Instructions: To answer the following questions, make barplots of the Survived and Sex variables using geom_bar(). Try plotting one variable and filling by the other variable. You may want to try the default plot, then try adding position = position_dodge() to geom_bar() to make separate bars for each group.

titanic %>% 
  ggplot(aes(Survived, fill = Sex)) +
  geom_bar(width = 0.7, color = "white") +
  scale_fill_manual(values = colors_sex)

titanic %>% 
  ggplot(aes(Sex, fill = Survived)) +
  geom_bar(width =  0.8, position = position_dodge(0.85)) +
  scale_fill_manual(values = colors_survived)

Which of the following are true?

Select all correct answers.

✅ Less than half of passengers survived.
✅ Most of the survivors were female.
❌ Most of the males survived.
✅ Most of the females survived.

Question 5: Survival by Age

Instructions: Make a density plot of age filled by survival status. Change the y-axis to count and set alpha = 0.2.
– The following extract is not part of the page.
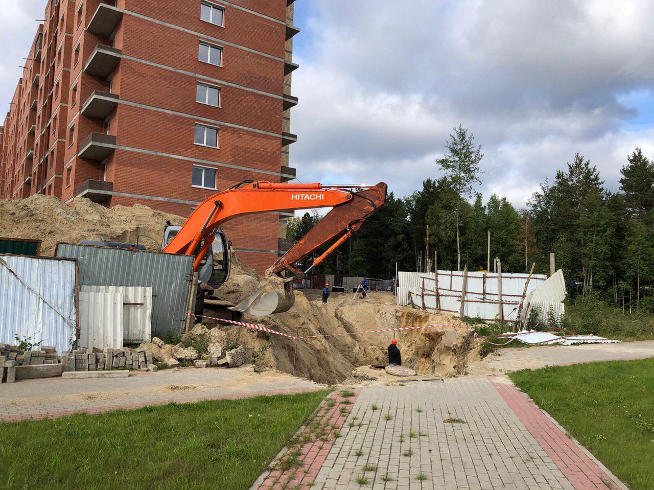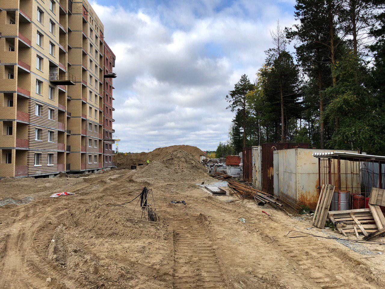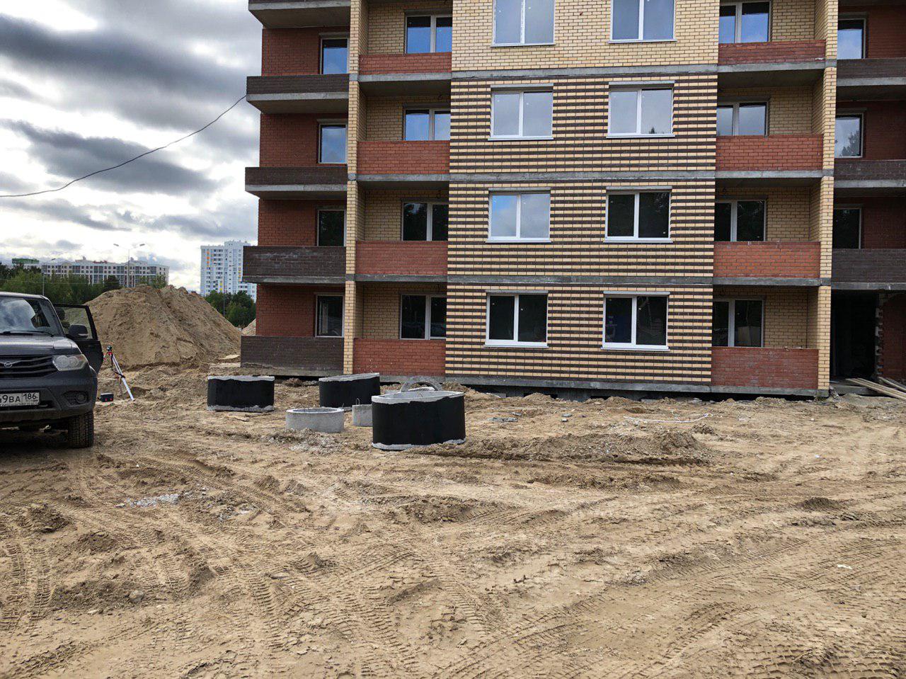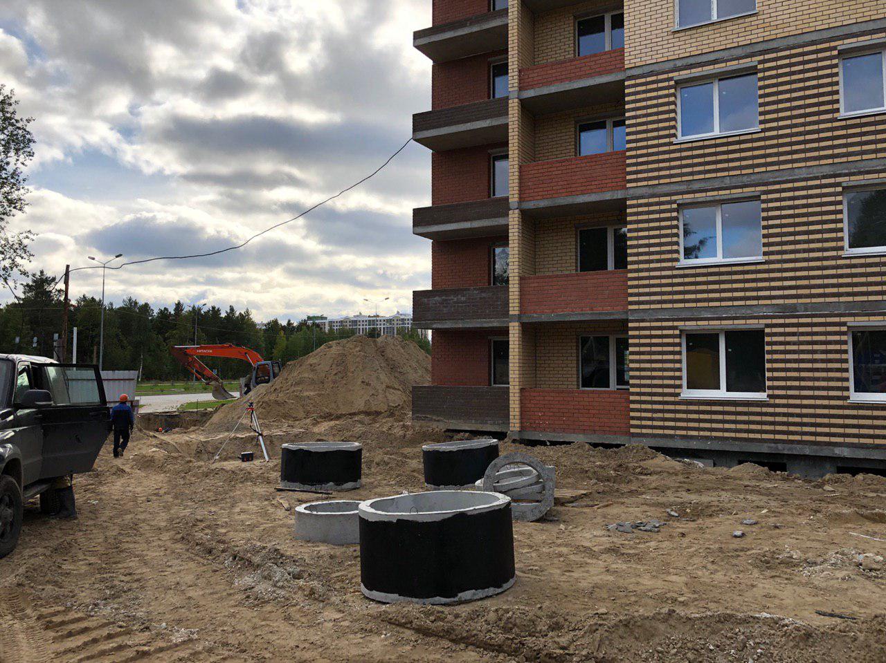В настоящий момент ведутся земляные работы для укладки наружных и внутренних инженерных сетей (горячего и холодного водоснабжения). Проводятся работы по проводке электрических сетей внутри жилого дома. Работают экскаватор и бульдозер. На площадке работает порядка 10 человек.

The following answers were offered for all three questions:

0-8
10-18
18-30
30-50
50-70
70-80

Which age group is the only group more likely to survive than die?

titanic %>% 
  ggplot(aes(Age, y = ..count.., fill = Survived)) +
  geom_density(alpha = 0.5) +
  scale_fill_manual(values = colors_survived) +
  geom_vline(xintercept = 8, linetype = 2) +
  geom_text(aes(x = 8, y = 14, label= "8", hjust = -0.5))

✅ Age group 0-8.

Which age group had the most deaths?

It’s hard to tell from the previews plot I’ll have to make a new column Age group based on the offered answers.

titanic2 <- titanic %>%
  filter(!is.na(Age)) %>% 
  mutate(`Age group` = case_when(
    Age > 0 & Age <= 8 ~ "0-8",
    Age > 10 & Age <= 18 ~ "10-18",
    Age > 18 & Age <= 30 ~ "18-30",
    Age > 30 & Age <= 50 ~ "30-50",
    Age > 50 & Age <= 70 ~ "50-70",
    Age > 70 & Age <= 80 ~ "70-80"
    )
  )

titanic2 %>% 
  filter(!is.na(`Age group`)) %>% 
  ggplot(aes(`Age group`, fill = Survived)) + 
  geom_bar(width = 0.7, color = "white") +
  scale_fill_manual(values = colors_survived)

✅ Age group 18-30.

Which age group had the highest proportion of deaths?

titanic2 %>% 
  filter(!is.na(`Age group`)) %>% 
  ggplot(aes(`Age group`, fill = Survived)) + 
  geom_bar(position = "fill", width = 0.7, color = "white") +
  scale_fill_manual(values = colors_survived)

✅ Age group 70-80

Question 6: Survival by Fare

Instructions: Filter the data to remove individuals who paid a fare of 0. Make a boxplot of fare grouped by survival status. Try a log2 transformation of fares. Add the data points with jitter and alpha blending.

set.seed(123)

titanic %>% filter(Fare != 0) %>% 
  ggplot(aes(Survived, Fare)) +
  geom_boxplot(fill = colors_survived, width = 0.5, alpha = 0.5) + 
  geom_jitter(width = 0.1, alpha = 0.2) +
  scale_y_continuous(trans = "log2")

Which of the following are true?

Select all correct answers.

✅ Passengers who survived generally payed higher fares than those who did not survive.
❌ The interquartile range for fares was smaller for passengers who survived.
✅ The median fare was lower for passengers who did not survive.
❌ Only one individual paid a fare around $500. That individual survived. (3 individuals survived)
✅ Most individuals who paid a fare around $8 did not survive.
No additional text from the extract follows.